Agreed - milk it. To me, it looks engorged and painful. If you milk the teat down to "mouth sized" the kids might use it. 

I had one like that (single kid) and it got worse because the kid wasn't using it. Turned congested and painful on that side. I milked it out for about a week. If it fits in the mouth when they try to nurse, they learn that it's milk. If it's too big, they stick with the easy side. 

So you want to put the kids on it within an hour of milking it down to size, to train them to drink from that side. Once they use it consistently, it should stay normal size (unless it's blown). You can tape the other teat when you milk, and pull the tape after a couple hours.
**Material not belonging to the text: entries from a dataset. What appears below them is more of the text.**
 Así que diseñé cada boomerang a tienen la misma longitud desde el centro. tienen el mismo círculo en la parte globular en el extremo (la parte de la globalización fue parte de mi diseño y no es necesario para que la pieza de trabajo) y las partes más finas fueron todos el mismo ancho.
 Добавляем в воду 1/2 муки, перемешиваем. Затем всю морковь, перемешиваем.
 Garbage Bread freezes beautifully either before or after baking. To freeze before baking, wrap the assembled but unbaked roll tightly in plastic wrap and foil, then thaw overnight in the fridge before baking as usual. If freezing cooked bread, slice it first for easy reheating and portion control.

Or you can guide the kid to the teat, and block the other one with your hand.


----------



## margaret (Aug 30, 2013)

Just want to say that that kid is pretty freakin' adorable


----------



## caprinelivin (Mar 6, 2014)

margaret said:


> Just want to say that that kid is pretty freakin' adorable


Thanks, Margret, and they are so sweet!


----------



## milk and honey (Oct 31, 2010)

Congrats on the new babies... They are beautiful!
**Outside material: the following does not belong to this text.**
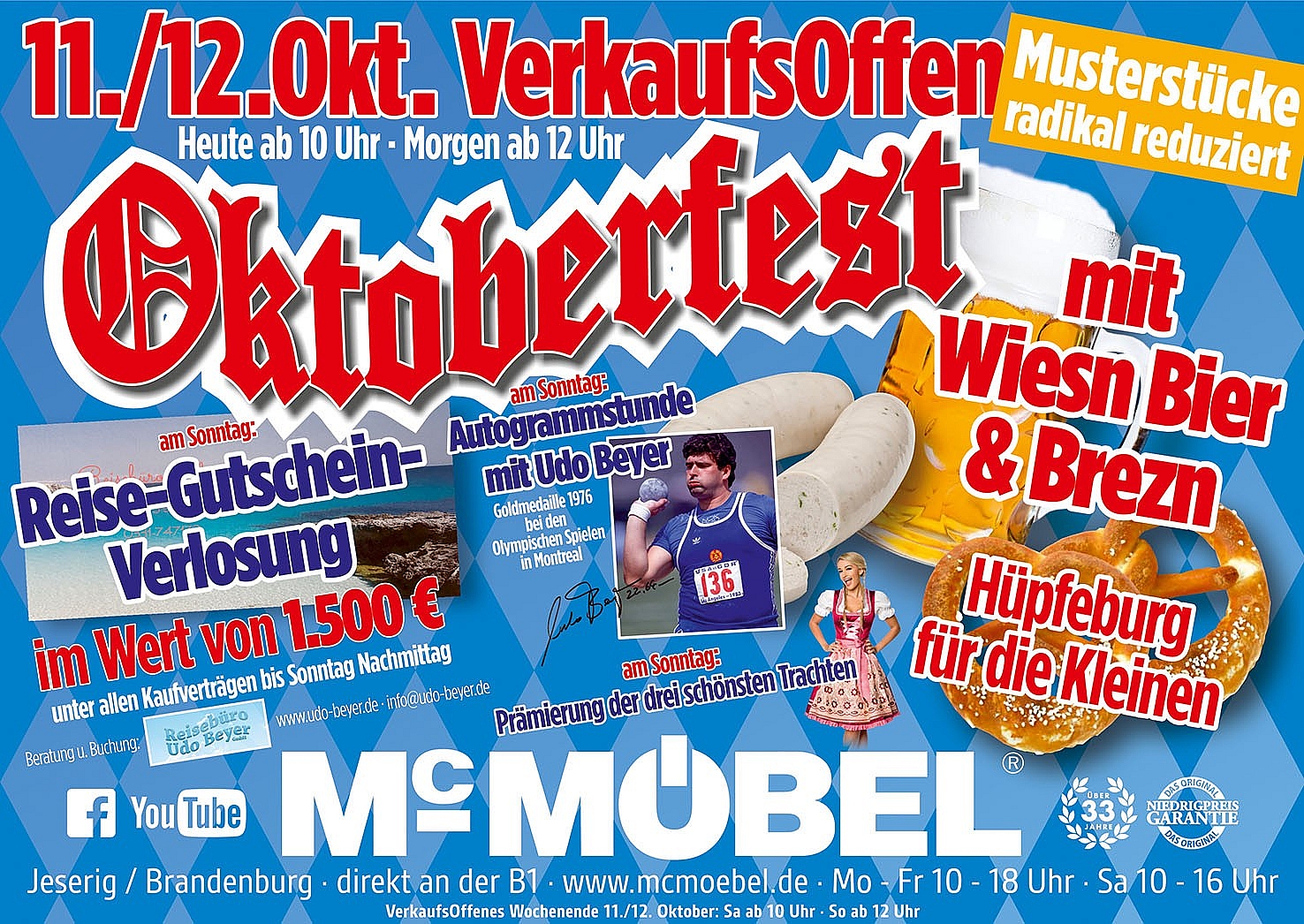 Heute & morgen, 11. & 12. Oktober 2025 - Oktoberfest & verkaufsoffenes Wochenende bei Mc-Möbel

Sent from my iPhone using Goat Forum


----------



## milk and honey (Oct 31, 2010)

Oh ya... I was going to say that I leave kids on mom 24/7 for 2-3 weeks and then separate at night, milk mom in the morning and leave kids with her all day. Everyone's happy!
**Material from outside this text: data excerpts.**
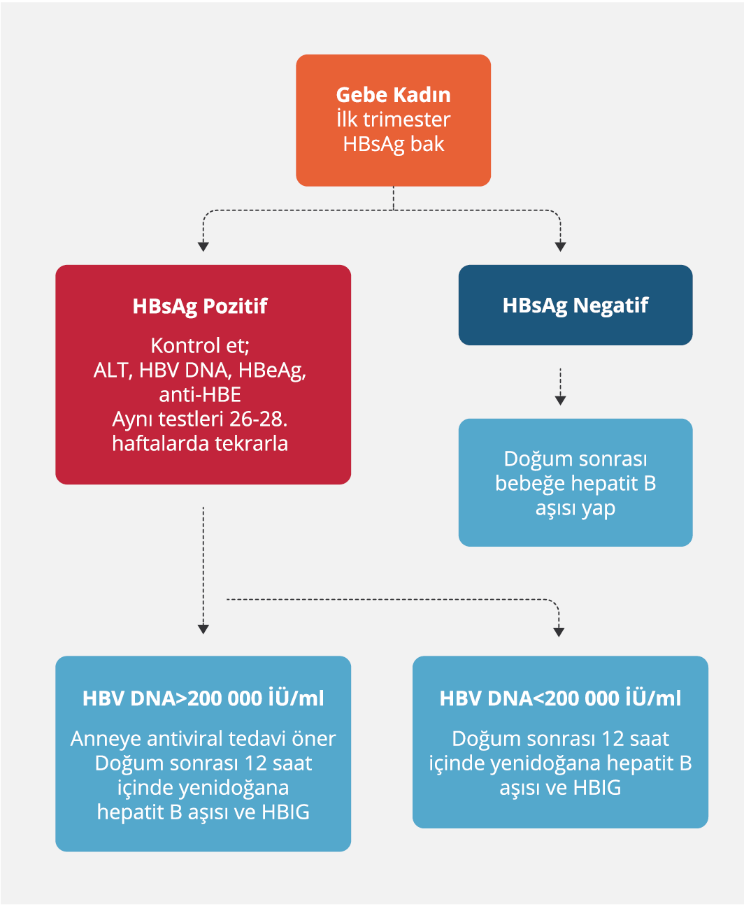 İlk başvuruda gebenin HBsAg testi pozitif olarak sonuçlanmışsa, HBeAg, anti-HBe, HBV DNA, serum ALT düzeyleri de tespit edilmeli ve hastalığın şiddeti, diğer viral hastalıkların varlığı gibi ek sağlık durumları bilinmelidir. KHB infeksiyonu olan gebede serum HBV DNA ve ALT düzeyleri üç ayda bir ve üçüncü trimesterin sonuna doğru bakılmalıdır (62).
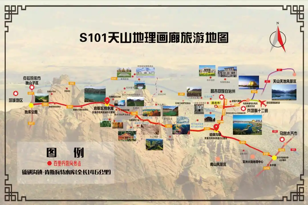 新疆S101天山百里丹霞旅游风景道沿途都是连绵起伏的丹霞地貌和形态各异的侏罗纪山系,被人称为“天山地理风光走廊”,沿途景区主要包括塔西河凤凰湖景区、伟人山景点、凤凰山五道垭(鸽子洞)景区、碧龙湾(肯斯瓦特水库)景区、沙湾温泉、沙湾鹿角湾景区、安集海大峡谷等。每年吸引了不少游客沿途拍摄、探险,成为新疆又一条自驾旅游公路。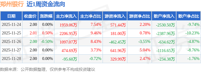 资金流向数据方面,本周郑州银行主力资金合计净流入5642.18万元,游资资金合计净流入1261.93万元,散户资金合计净流出6904.11万元。本周资金流向一览见下表: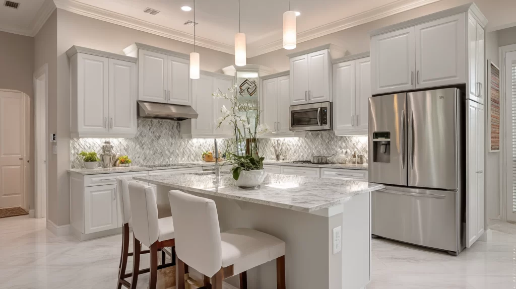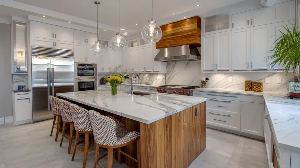 Marble tile remains a beloved luxury in kitchen tile designs when used wisely. Marble floor tile or marble tile for walls can create stunning focal point, especially around kitchen islands or with tile backsplash that echoes the stone veins. But because real marble is porous and needs sealing and careful maintenance it is often better reserved for accent or wall tile, or used as marble look tile in porcelain or ceramic that mimics the visual weight and natural stone texture without more maintenance. Many homeowners love the high‑end look of marble tiles but choose porcelain tile with marble design to avoid more maintenance and prevent staining.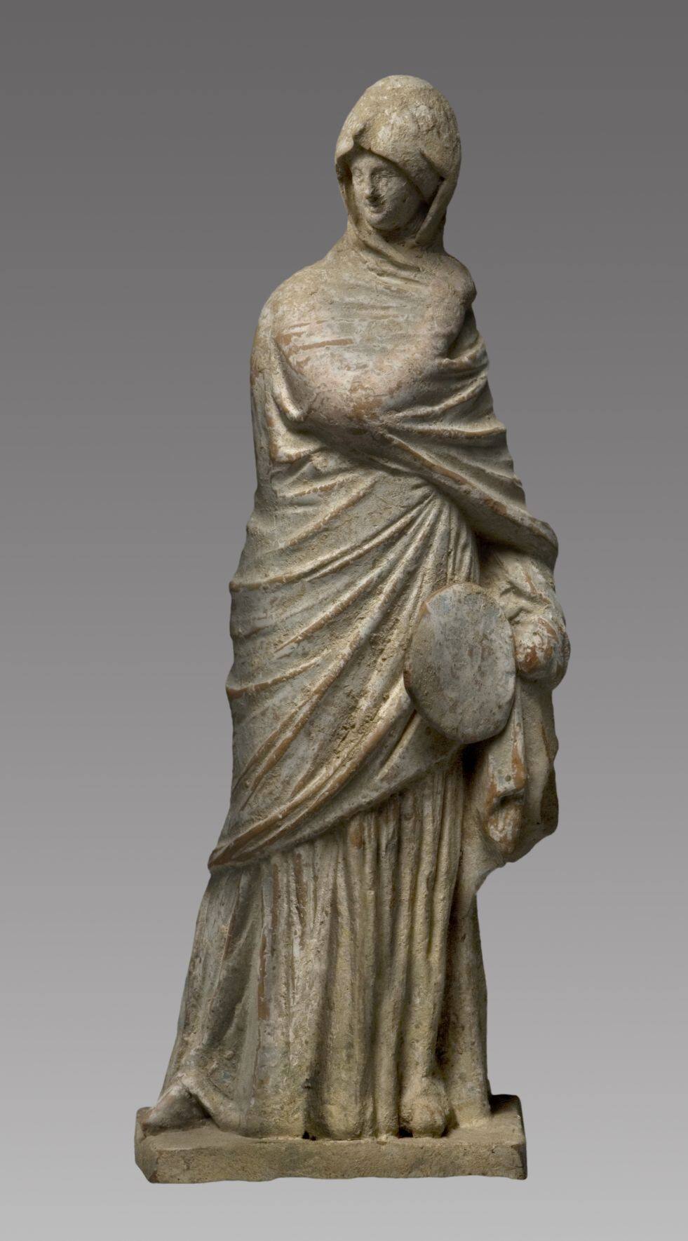 DescriptionDie junge Frau trägt einen bodenlangen Chiton und einen knielangen, über den Kopf gezogenen Mantel. Das Körpergewicht der Figur ruht auf dem linken Bein, der Kopf ist zum Spielbein gewendet, die linke Hand hält einen großen blattförmigen Fächer und die rechte Hand ist unter dem Mantel zur linken Schulter geführt. Seit ihrem Eingang in die Tübinger Sammlung wurde die Mantelfigur verdächtigt, eine der zahlreichen modernen Fälschungen zu sein, die aufgrund der Beliebtheit der Statuetten vor allem im späten 19. Jahrhundert gefertigt wurden. Aus dieser Zeit stammt auch die Bezeichnung dieser Terrakotten als 'Tanagräerinnen' nach einem wichtigen frühen Fundort, der griechischen Stadt Tanagra. Unsere Statuette konnte erst die naturwissenschaftliche Analyse im sog. Thermolumineszenz-Verfahren vom Makel des Zweifels befreien und ihre antike Entstehung nachweisen.DimensionsHöhe: 26,3 cm (263 mm)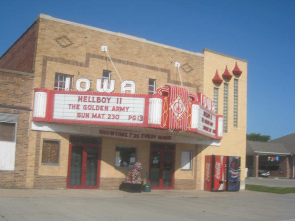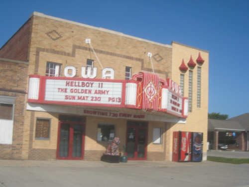 An old-time movie theater in Onawa, note the decorated dog statue in front

Sent from my iPhone using Goat Forum


----------



## caprinelivin (Mar 6, 2014)

harleybarley and ksalvagno: 
Agreed. 
I am home all day so I can go out there at least three times through out the day and keep it milked down to give that teat time to heal. The teat is soft and not as red as the pic--I think it was the lighting in the barn--but still, it is large and more red than it should be.
Does that sound like a good plan?


----------



## caprinelivin (Mar 6, 2014)

milk and honey said:


> Oh ya... I was going to say that I leave kids on mom 24/7 for 2-3 weeks and then separate at night, milk mom in the morning and leave kids with her all day. Everyone's happy!
> 
> Sent from my iPhone using Goat Forum


Thank you for the congrats!
I have a good friend that gave me one of her Oberhasli's last year and she milks the way you mentioned so that was the plan I was going to follow. I spoke to the lady I got this Saanen--Sarah, from who says that she leaves her kids on 24/7 for the first week or so and still milks b/c they produce more than the kids can take at first, and has recommended I do the same unless I feel they are not getting enough?


----------



## happybleats (Sep 12, 2010)

Yes, we will milk our moms as the kids nurse...mom will hopefully produce more milk with the demand...then at 2 weeks old we will put babies up at night, milk mom in the morning the morning...then give babies back all day, we will still milk moms on the table at evening feeding...


----------



## caprinelivin (Mar 6, 2014)

I milked a friends Saanen while she went to give a lecture and I knew they put out a lot of milk but wow...to milk while the kids are on all day!


----------



## happybleats (Sep 12, 2010)

lol..most of mine are saanen...they do flll a bucket..but my lamancha can keep up with them pretty well too lol


----------



## caprinelivin (Mar 6, 2014)

I milked Sarah out completely on the one side with a swollen teat last night then this morning, and have been watching it through the day. One of the kids has started nursing on that side on its own! Last night i milked her in the stall and after a minute or two she stood still for me! This morning however, she did not  I guess I will just keep working with her on a schedule and she will fall in , unless someone has a better suggestion? I have been trying for ten minutes to upload pics with no success...ugh...so i will try again shortly.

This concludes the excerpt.